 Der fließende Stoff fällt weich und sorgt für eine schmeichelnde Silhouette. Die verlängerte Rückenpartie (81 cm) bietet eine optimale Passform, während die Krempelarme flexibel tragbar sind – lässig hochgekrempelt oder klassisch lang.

--

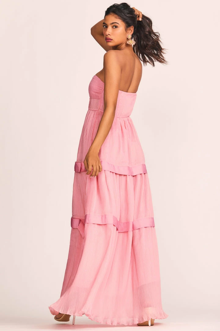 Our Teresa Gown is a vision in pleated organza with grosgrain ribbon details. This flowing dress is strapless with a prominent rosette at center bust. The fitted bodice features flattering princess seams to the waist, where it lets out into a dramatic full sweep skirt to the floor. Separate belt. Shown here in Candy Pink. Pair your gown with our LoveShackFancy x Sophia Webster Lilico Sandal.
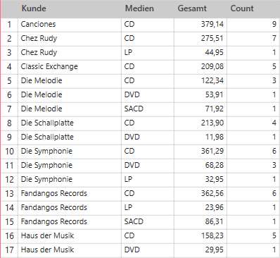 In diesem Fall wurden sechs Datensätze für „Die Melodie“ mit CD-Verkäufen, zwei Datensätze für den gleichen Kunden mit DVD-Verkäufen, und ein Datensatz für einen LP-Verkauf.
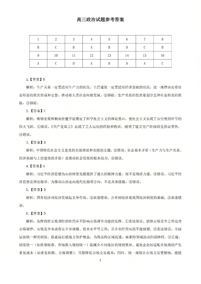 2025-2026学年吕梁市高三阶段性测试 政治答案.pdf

| Exercise aim |
The answer should consist only of the lines above from the one with "In diesem Fall" through the one with "2025-2026学年吕梁市高三阶段性测试 政治答案.pdf", repeated exactly, with no pictures among them.

| Answer box |
 In diesem Fall wurden sechs Datensätze für „Die Melodie“ mit CD-Verkäufen, zwei Datensätze für den gleichen Kunden mit DVD-Verkäufen, und ein Datensatz für einen LP-Verkauf.
 2025-2026学年吕梁市高三阶段性测试 政治答案.pdf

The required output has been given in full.